Provided material:
-- -- --
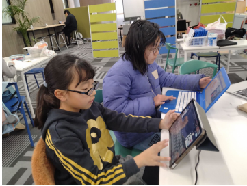
2人で調べたり、 ゲームを作ったりした
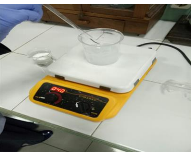
Pencampuran larutan kalsium dan fosfat (tetes demi tetes) dengan pemanasan dan pengadukan
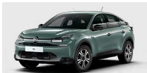
ZELENÁ MANHATTAN (N)
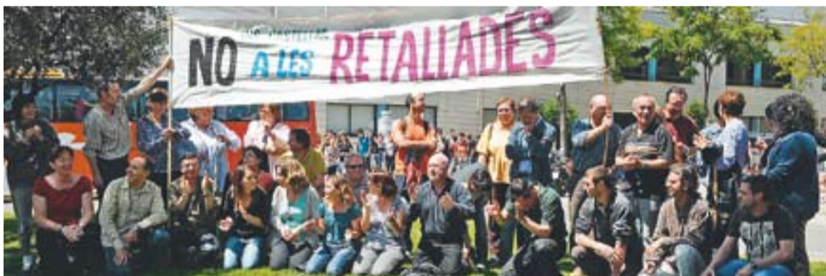
© Els mestres manifestant-se a la rotonda que hi ha davant de l'Institut Castellar. || JOSEP GRAELLS

Una altra de les màximes de la cuinera és que "renyar als nostres fills no farà que mengin bledes, és més, acabant odiant-les" . La solució és segons Parellada, "redissenyar amb imaginació i senzillesa els plats més odiats" . "Qui pot dir que no a uns bunyols de cigrons? No passa el mateix amb els cigrons bullits" , comentala cuinera. "Hem d'aconseguir que els nens tinguin la voluntat de tenir una dieta sana" , conclou Parellada. †
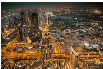
Burj Khalifa / Dubai
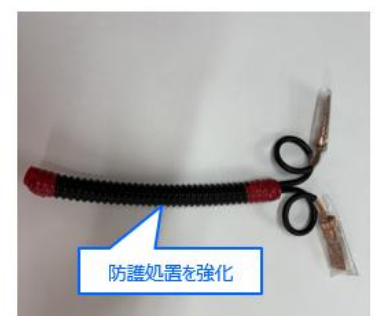
【防護管による絶縁処置】
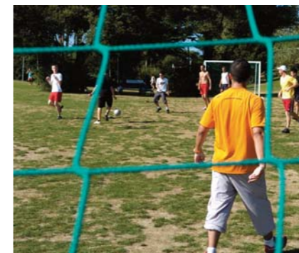
Animations sportives et culturelles, loisirs organisés.
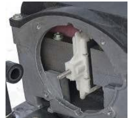
Kalvopidikkeen akseli / Membranhållarens axel
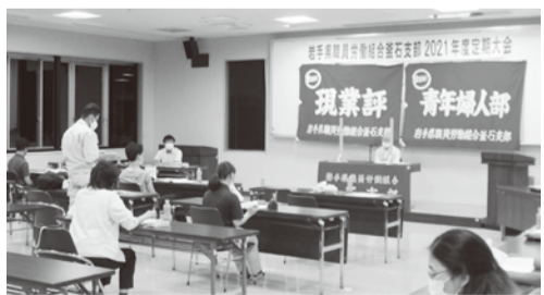
▲運動方針について確立した釜石支部定期大会
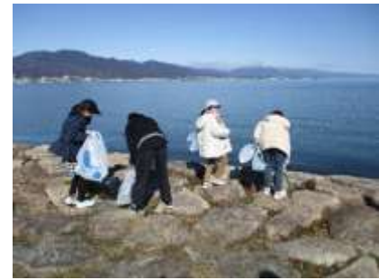
キッズボランティアじゃれきんぐ！ 「奉仕活動～なぎさ公園～」

＜内容＞児童館や地域内での様々なボランティア活動 清掃活動、児童館のまつりのスタッフ 保育園児・高齢者との交流 など
-- -- --
Repeat the data exactly. Pictures should not appear.

2人で調べたり、 ゲームを作ったりした
Pencampuran larutan kalsium dan fosfat (tetes demi tetes) dengan pemanasan dan pengadukan
ZELENÁ MANHATTAN (N)
© Els mestres manifestant-se a la rotonda que hi ha davant de l'Institut Castellar. || JOSEP GRAELLS

Una altra de les màximes de la cuinera és que "renyar als nostres fills no farà que mengin bledes, és més, acabant odiant-les" . La solució és segons Parellada, "redissenyar amb imaginació i senzillesa els plats més odiats" . "Qui pot dir que no a uns bunyols de cigrons? No passa el mateix amb els cigrons bullits" , comentala cuinera. "Hem d'aconseguir que els nens tinguin la voluntat de tenir una dieta sana" , conclou Parellada. †
Burj Khalifa / Dubai
【防護管による絶縁処置】
Animations sportives et culturelles, loisirs organisés.
Kalvopidikkeen akseli / Membranhållarens axel
▲運動方針について確立した釜石支部定期大会
キッズボランティアじゃれきんぐ！ 「奉仕活動～なぎさ公園～」

＜内容＞児童館や地域内での様々なボランティア活動 清掃活動、児童館のまつりのスタッフ 保育園児・高齢者との交流 など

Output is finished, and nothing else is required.